As other states contemplate cutting spending growth in light of slowing revenue growth, New York State recently passed a $122 billion budget for 2008–2009. Coming nearly 5 percent higher than last fiscal year’s spending plan, the budget relies on $1.5 billion in higher taxes and fees, including a near‐doubling of the state’s cigarette tax rate. The increased taxes will fund, among other programs, a record‐breaking $1.75 billion increase in school aid. But it’s doubtful the state will even raise that money because higher taxes will just generate an even larger black market in cigarettes.
Despite this stunning increase in spending, the state is still using creative techniques to balance the last budget. According to a recent Times Union article, the Paterson administration “swept” $100 million from various special accounts to supplement general revenues. But the funds in the dedicated accounts are raised through user fees and slated for specific programs, not for the general spending whims of policymakers;
For instance, more than $1 million was swept from the Animal Population Control account, which is fueled from $3 surcharges on dog licenses, $25 Love Your Pet license plates and other funds from pet lovers. It is supposed to go to spaying programs.

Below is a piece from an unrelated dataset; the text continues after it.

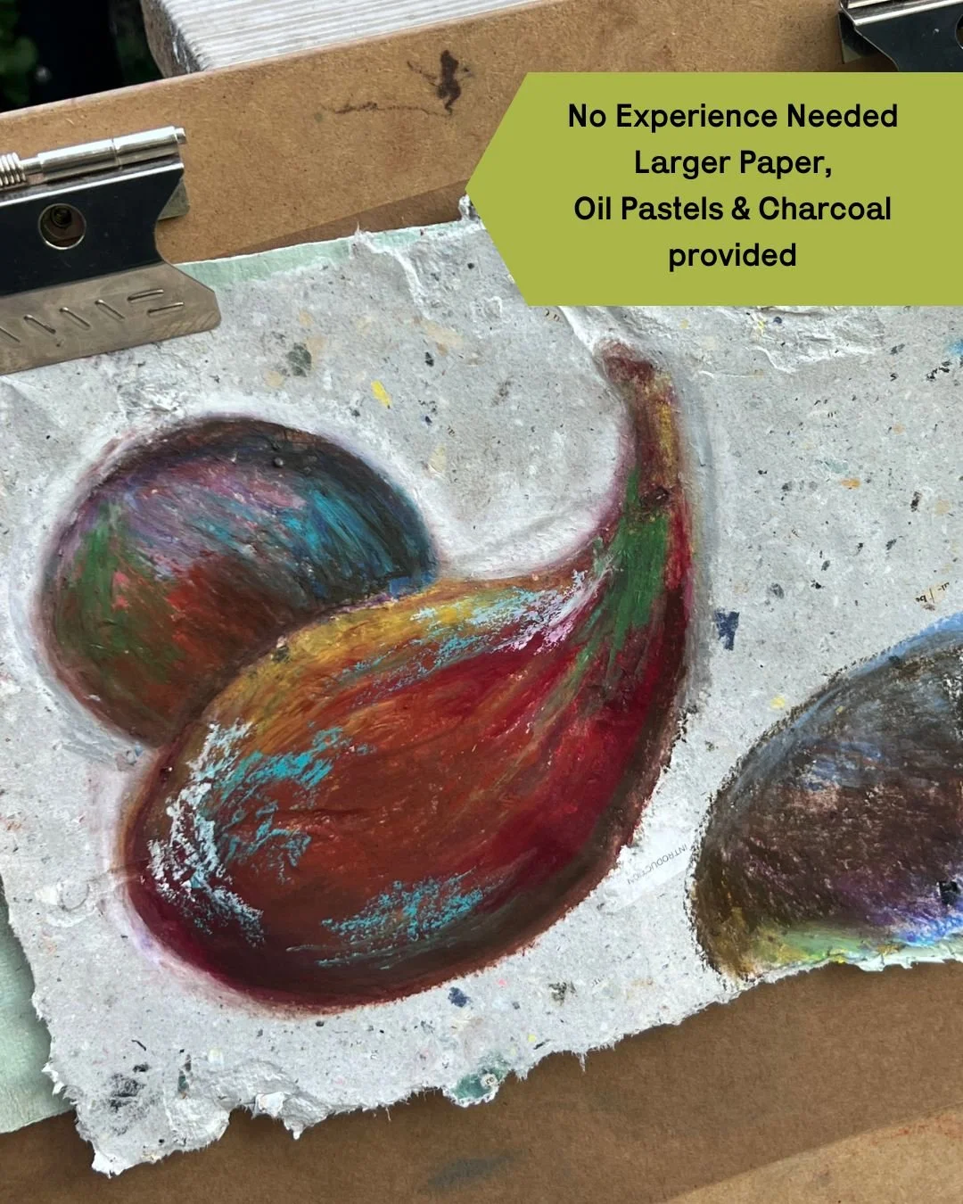 Our new drawing series in the garden! Draw our produce with oil pastels and charcoal on larger paper. We also have multiple color of our handmade paper available to use! Made during our Papermaking workshops every other month

Beyond the fact that Albany should not be in the spaying business to begin with, there appears to be dishonesty in budgeting if Albany creates new programs, overcharges “fees” to accumulate surpluses in various dedicated accounts and then “sweeps” the funds into the black‐hole that is the general fund budget. It comes as no surprise several of these user fees were increased in the 2008–2009 budget. With spending on an unsustainable upward path, much more sweeping is yet to come.